We could say that the basic Flying Time, FT, is equal to the Battery Capacity, BC, divided by the Motor Current, MC. So FT = BC/MC. Or you can say BC = FT by MC, or MC = BC/FT, always giving you one value in terms of the other two.

The trick is to always operate in terms of the same unit, battery capacities are invariably given in milliamp hours, whilst flying times are usually quoted in minutes, so it always needs some adjustment. An example might be that we have a battery of 2,000 mAh and a motor current of 2 amperes. So we can either call our battery 2 ampere hours or our motor current 2,000 mA’s, whichever we do, the answer will be 1, that’s 1 hour, multiplying by 60 it becomes 60 minutes. A more realistic motor current of 20 amps then becomes 2 Ah/20 = 0.1 hour, then multiply by 60 = 6 minutes, or one tenth of an hour.

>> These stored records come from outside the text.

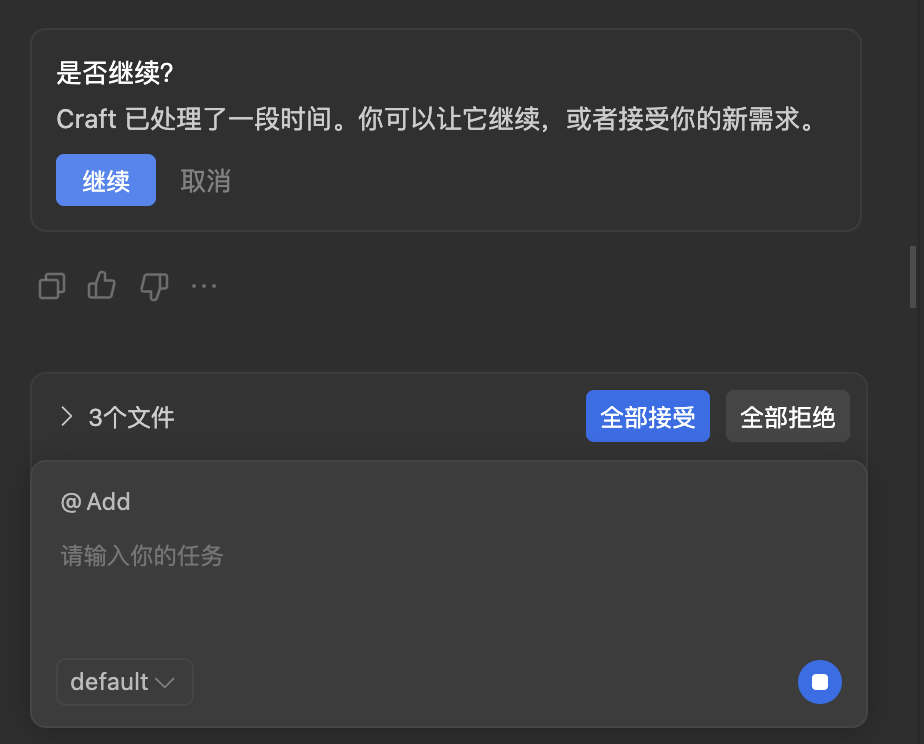 毕竟大模型可能会出现生成错误,导致可能一步错步步反思。CodeBuddy 增加了多次执行无果后的交互行为。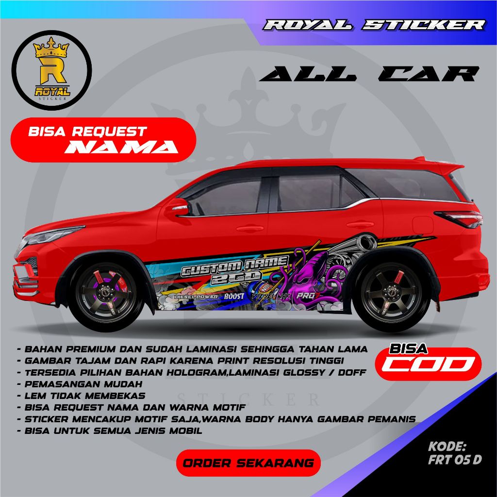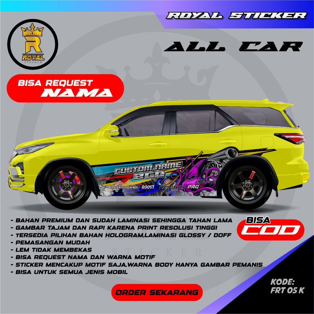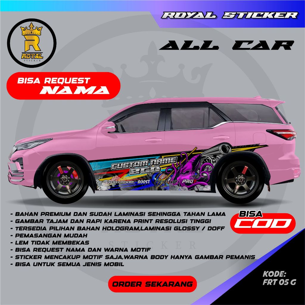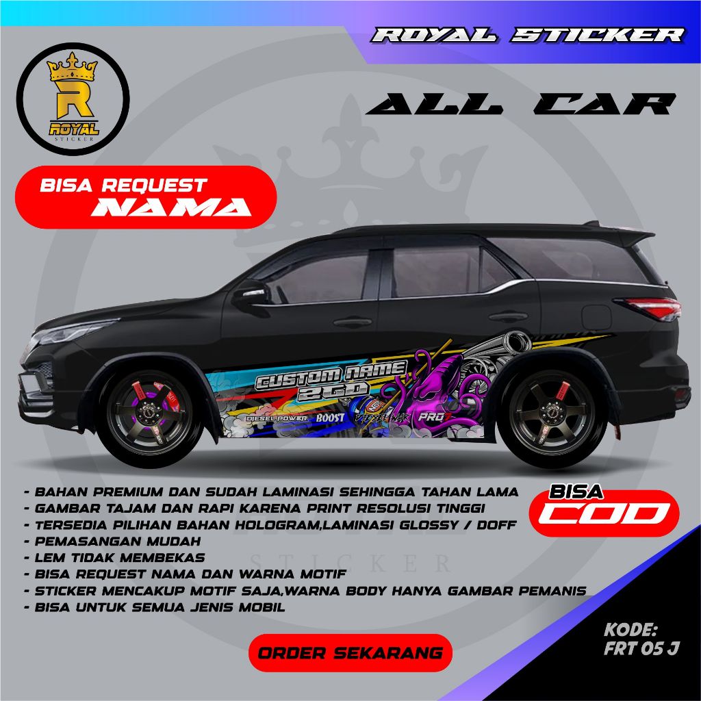 DECAL STIKER MOBIL FORTUNER DESAIN VARIASI TERBARU FREE REQUEST TULISAN / STIKER MOBIL / DECAL MOBIL FORTUNER - FRT 05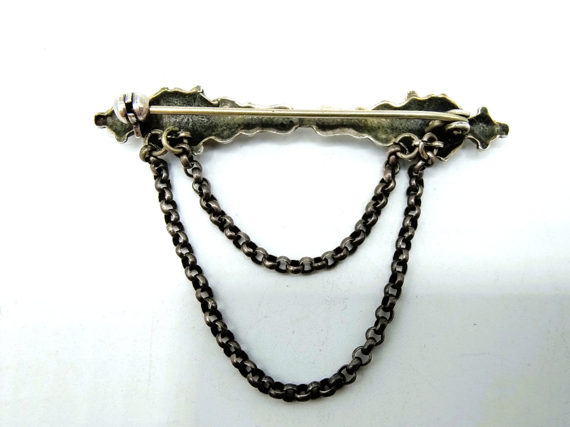Die Brosche ist punziert mit Meistermarke, Krone N10 und einem Schwert.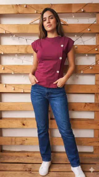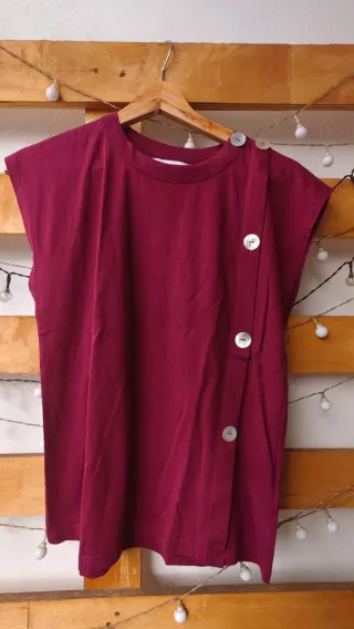 Camiseta de manga corta con un diseño original y moderno. - Cuello redondo. - Cierre asimétrico con botones. - Detalle de costuras.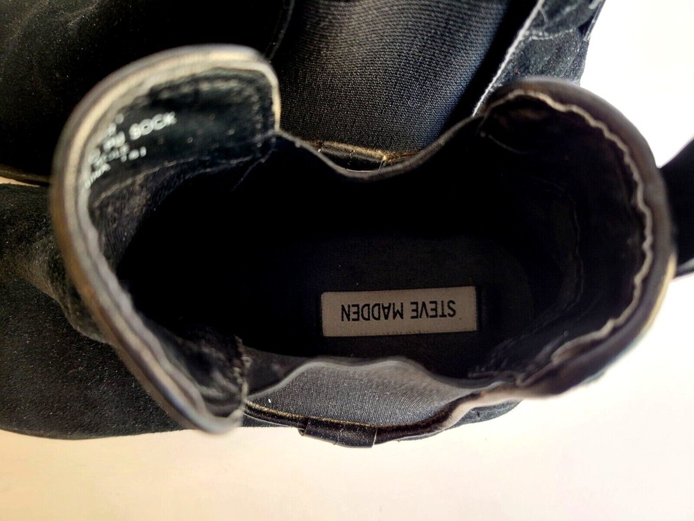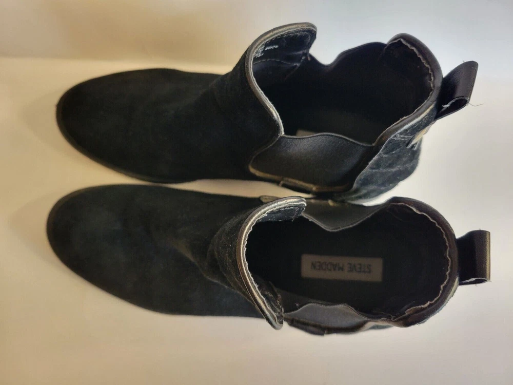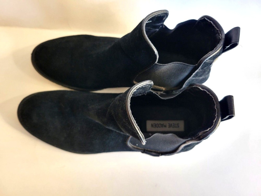 Steve Madden "Gianna" black suede leather bootie. Slip on with stretchy sides and pointed toes. Pull on tabs in back with rivet accents. 1/2 inch block heal. Very nice condition with little sign of wear.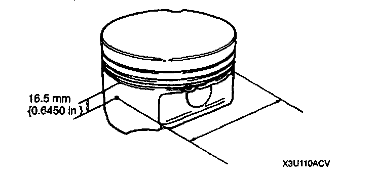 1. Measure the outer diameter of each piston at a right angle (90°) to the piston pin, 16.5 mm (0.6450 inch) below the oil ring groove lower edge.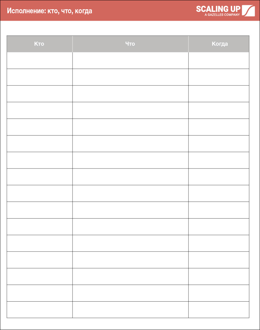 Самое главное – отвечать на вопрос «когда?» сроками, не превышающими промежутка времени между двумя еженедельными или ежемесячными совещаниями. Если нужно реализовать какую-либо масштабную инициативу, разделите ее на несколько этапов, которые можно завершить в течение нескольких недель (как говорится, слона нужно есть по кусочкам).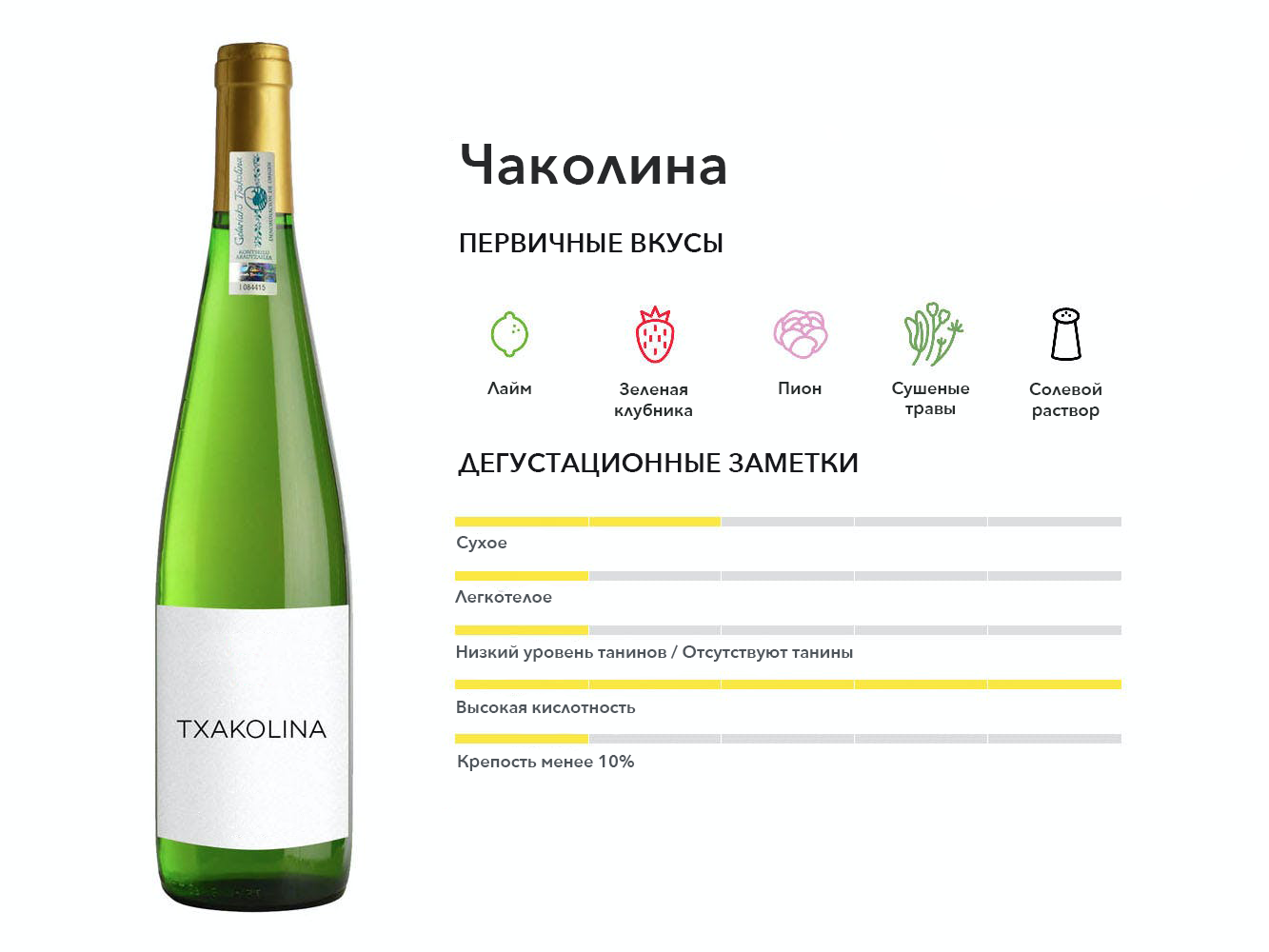 Сухое, слегка шипучее вино Txakolina из Страны Басков в Испании, произведенное в трех разных регионах из множества сортов винограда, в первую очередь Хондарраби Сури.

In your case of flying for 9 minutes on 1,400 mAh, the 1,400 mAh will be the battery capacity in this case, then ft = bc/mc. We want to know the motor current, so mc = bc/ft, or mc = 1,400 mAh/9 minutes. Standardising the units, then we have 1.4 Ah by 60 = 84 ampere minutes. Then 84/9 = 9.33 A. So your average motor current is 9.33 amps. To confirm, you fly for 6 minutes on 900 mAh, or 0.9 Ah, therefore 0.9 Ah by 60 = 54. Then 54/6 = 9 amps.
If your battery is indeed a 2,200 mAh pack then 2.2 by 60 = 132 Am divided 9 = 14.6, so in theory you could fly for 14 minutes and 40 seconds.

It doesn’t matter how obtuse the figures get, that makes no difference to a calculator. And as Steve says, there will always be some variation due to throttle use etc. But at least if you have some of the figures you might be able to get some idea of how much current you need or how long the battery will last.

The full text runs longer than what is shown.